— Не знаю, как они, — сузив глаза, тяжело задышал Месроп, — я человек маленький, скажи спасибо, что столько знаю, ходил за лошадьми и читал… Насчёт их не скажу, но ты — точно турецкий ублюдок…
Я не оскорбился, потому что для меня это не было оскорблением — быть обозванным турком или турецким ублюдком. Я видел перед собой человека, который считал себя достойным профессорского звания, человека, обиженного на своё ремесло конюха. Я ему сказал:
— Тигран и Артавазд были армянские цари. Пап, Аршак, Маштоц были армяне тоже. Вардан, Васак — армяне были. Давид Сасунский, Храбрый Назар. От первых армян до Лео — пять тыщ лет прошло. А мы живём. Ничего, неплохо живём. Один коня пасёт, другой лекции читает, третий учится — на учителя или же на конюха. Каждый может заняться делом другого, тут вопрос тренировки. Что, не так? Хочешь, выстрелю три раза — на четвёртый пробью собаке ухо? По-моему, так. И плакаться тут не из-за чего.
— Молодец, хорошо говоришь, — сплёвывая набок, сказал Месроп. — Одиннадцать месяцев в году ходите по городу в начищенных ботинках, на один месяц — на август — приезжаете в село, приходите к Месропу и говорите: «Что не так, собаке ухо пробью». Ишь ты… Да, да, да, так! Очень даже так! Так, так! — Он с каждым словом бил прикладом о землю, потом отбросил ружьё в сторону.
— Ты займёшься делом или нет, займёшься, наконец, или нет?.. — покраснев, ринулся в разговор заведующий фермой. — Вон куда лошадь забралась, ты тут разговоры разговариваешь, — заведующий фермой сделал движение, будто подталкивал Месропа к далёкому, теряющемуся вдали табуну.
— Левон, — сказал Месроп, и ноздри у него побелели.
— Поди отгони лошадей с поля, тогда поговорим.
— Левон! — тяжело пробормотал Месроп.
Левон повысил голос:
— Вы видите, люди, опять сукин сын Левон виноват! Что-нибудь плохое говорит сукин сын Левон? Да? Просит, чтобы ты работал, — не должен и этого делать? Левов, конечно, виноват, что штрафа на тебя не наложит, тут он виноват, слов нет, лошади колхозные поля травят, этот тут разговорчики разговаривает.

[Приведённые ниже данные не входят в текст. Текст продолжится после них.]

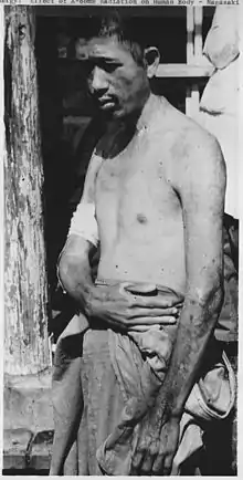 A man who was present at Nagasaki on August 9, 1945, during the dropping of the 20 kiloton Fat Man bomb, this photo displays that 1st and 2nd degree burn injuries he experienced on his unclothed skin, the shoulder and arm, while the thin vest garment of clothing that he was wearing at the time of the explosion completely protected his stomach and lower chest from experiencing similar burns. A clearer color restored version of this picture is also available.[3]

— Левон, — шевельнул губами Месроп.
— Что Левон, что Левон! — Левон уже кричал. — Не хочешь ходить за лошадьми, поди профессором сделайся, кто тебя за руку держит, а на твоё место кого-нибудь уж найдём! Я! Я сам буду ходить за лошадьми! Что он от меня хочет, люди добрые?! Да, да, да, столько дела делаю, и это буду делать!
Как будто надвигалась драка. И Левон хотел, чтобы люди убедились в его невиновности, прежде чем Месроп ударит его. А тот тяжело переводил дыхание, смотрел исподлобья на Левона и, казалось, жевал что-то. Я стоял между ними, и бока мои чувствовали силу кривых узловатых пальцев Месропа, а в моей голове уже гудела тяжесть удара его лапы с обломанными ногтями.
А Левона несло — он говорил, говорил, говорил, — что Месроп плохо работает, что, оставив своё дело, суётся в профессорские дела, табун травит поля, а он тут «Москва — Кремль» повторяет… А у Месропа беззвучно шевелились губы и ноздри ходили ходуном, и Левон трусил, и то и дело выбрасывал вперёд руки, и, верно, первый должен был ударить, потому что боялся.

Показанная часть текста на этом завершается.